As Pakistan underwent a whirlwind election day on Saturday, voters reeling from the outcome have revealed they were told to keep there “mouth shut” when they alleged vote rigging.
On Saturday night, the official results carried Pakistan Muslim League’s Nawaz Sharif to power, building up enough momentum to avoid having to form a coalition with his main rivals, former cricketer Imran Khan's Tehrik-i-Insaf (PTI) and the Pakistan People's Party (PPP).
Sharif, so far winning 127 of the 272 National Assembly seats that were contested, celebrated with crowds of supporters as he gave his jubilant speech on Saturday night.
But lurking behind the shadows were boycotting parties and voters who had hoped patronage-based parties would end after years of corruption and misrule.
Rida Naqvi, a polling agent in Lahore on Saturday who was responsible for keeping tabs on voters and the ballot box, was angered by “extreme disorder,” she witnessed while at work.
“I saw votes being put into the ballot boxes without having signatures on them,” she told Al Arabiya on Sunday.
“When I went to complain, I was told to keep my mouth shut [by security officers] because this was my first time doing this duty and they had been here for years.
“I wanted to tell them ‘no doubt you have been here for years, which is exactly why we never had fair elections!’”
Naqvi said she has since attempted to complain to the media, European observers monitoring the polls and presiding Pakistani officers.
“But they all just nodded and kept quiet,” she said.

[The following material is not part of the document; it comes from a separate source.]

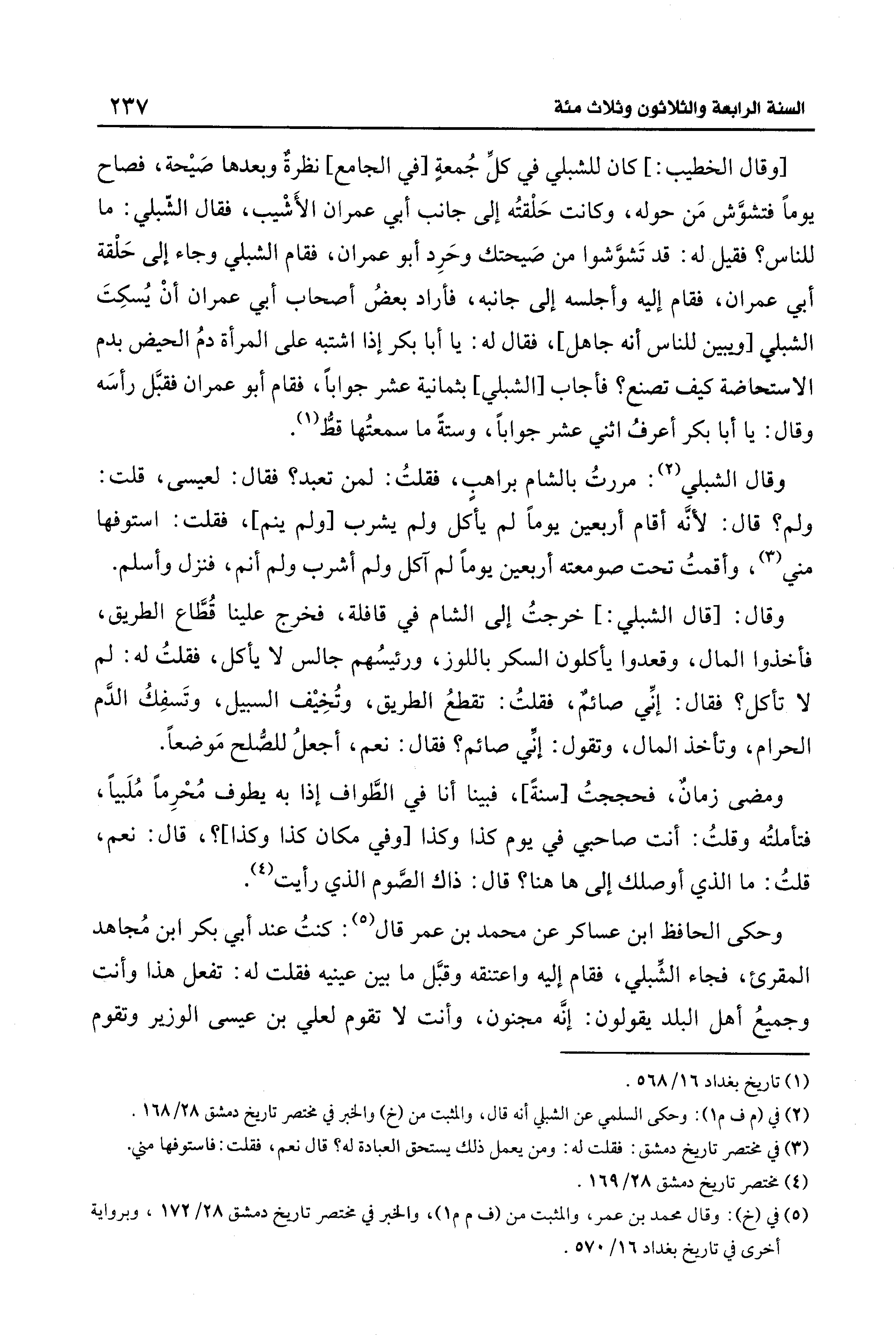[وقال الخطيب: ] كان للشبلي في كلِّ جُمعةٍ [في الجامع] نظرةٌ وبعدها صَيحة، فصاح يومًا فتشوَّش مَن حوله، وكانت حَلْقتُه إلى جانب أبي عمران الأَشْيب، فقال الشّبلي: ما للناس؟ فقيل له: قد تَشوَّشوا من صَيحتك وحَرِد أبو عمران، فقام الشبلي وجاء إلى حَلْقة أبي عمران، فقام إليه وأجلسه إلى جانبه، فأراد بعضُ أصحاب أبي عمران أنْ يُسكِتَ الشبلي [ويبين للناس أنه جاهل]، فقال له: يا أبا بكر إذا اشتبه على المرأة دمُ الحيض بدم الاستحاضة كيف تصنع؟ فأجاب [الشبلي] بثمانية عشر جوابًا، فقام أبو عمران فقبَّل رأسَه وقال: يا أبا بكر أعرفُ اثني عشر جوابًا، وستةً ما سمعتُها قطُّ (¬1).
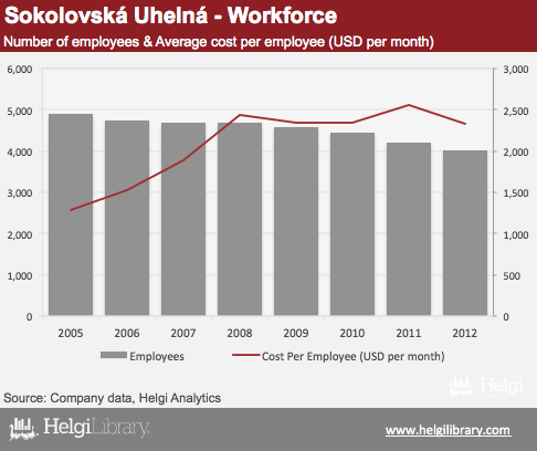 In 2012, the Company employed 4,007 persons in the Czech Republic. The average staff cost reached USD 2,335 per person and month

Murmurings on Saturday cast early doubts on the validity of the vote when the leader of the governing Pakistan People's Party, Taj Haider, alleged rigging in some constituencies, among them in Sindh province and its capital, Karachi.
Meanwhile, leaders of one of Pakistan's largest and most liberal parties, the Sindh-based Mutahida Qaumi Movement (MQM), told reporters that they would boycott the elections over allegations of rigging, according to CNN.
The Sunni Ittehad Council and Jamaat e Islami parties also announced a boycott, Pakistan’s Geo TV reported on election day.
At one point during the voting, Pakistan's election commission ordered a re-vote in more than 30 polling stations in a Karachi constituency over allegations of ballot stuffing, a spokesman said.
It was a Karachi constituency controlled by MQM, the group which later announced its boycott. Imran Khan, meanwhile, also accused the MQM of ballot stuffing in Karachi, according to AFP. But the movement was quick to deny the accusations.
In reference to allegations of vote-rigging made by the members of his party, Khan said in televised remarks on Sunday: "God willing, we will issue a white paper."
One Karachi voter pointed out that city quickly became the focus for allegations of fraud.
“The elections held in Pakistan were total scam; rigging was the usual way of work for the polling stations in the whole of Sindh and Punjab, especially Karachi,” Shujaat Haider told Al Arabiya.
“Polling stations were hijacked by ‘unidentified’ men and where they weren't, the presiding officers did their part,” Haider added, in reference to poll officials taking part in the alleged corruption.
The Karachi resident said that in one of the city’s polling station, NA 250, a presiding officer did not turn up. The officer was supposed to preside over two stations.
“When we [Haider and other residents] asked why there was no officer, we were told he had gotten ‘upset’ over something and will not be coming and to stop asking questions. So they sent 1400 registered voters home.”
After complaints that polling stations opened late, or hadn’t been operating at all, voting was extended by three hours in seven Karachi constituencies, according to AFP news agency.
'Change has come'
Haider said he was angered by the disorder and rigging attempts, but the large voter turnout still allowed him and other Pakistanis to feel the change.
“Even though I did not support the party that has won the elections, we must acknowledge the fact that the change has come."
“Scores of people lined up for hours and hours to practice their democratic right and play their part in making change happen,” Haider added.
Online groups on Sunday launched rallies to demand "fair re-elections." On Facebook, one event titled “Peaceful Rally in Support of FAIR Re-elections” was arranging for groups to meet at a specified area in Karachi at 5.30 p.m. (local time).
A rally in Lahore against “unfair elections and rigging” was also set to be held at 4.30 p.m. on Sunday, according to PTI supporters spreading the word through social media websites.
Similar rallies are expected to be organized across Pakistan on Sunday, and will mostly be held by Khan’s PTI supporters, disappointed with the outcome.
But for Sharif’s supporters, brushing off rigging allegations appears to be the popular response, with the frontrunner himself not responding to the claims.
“These allegations are fake,” Lahore-based filmmaker, and self-professed Sharif supporter, Awais Ahmad told Al Arabiya.
“Sharif has a strong political grassroots support, while Khan has all the youngsters rallying for him and perceive him to be a national hero.
“It’s easy for them to say the votes were rigged without having official evidence,” he added.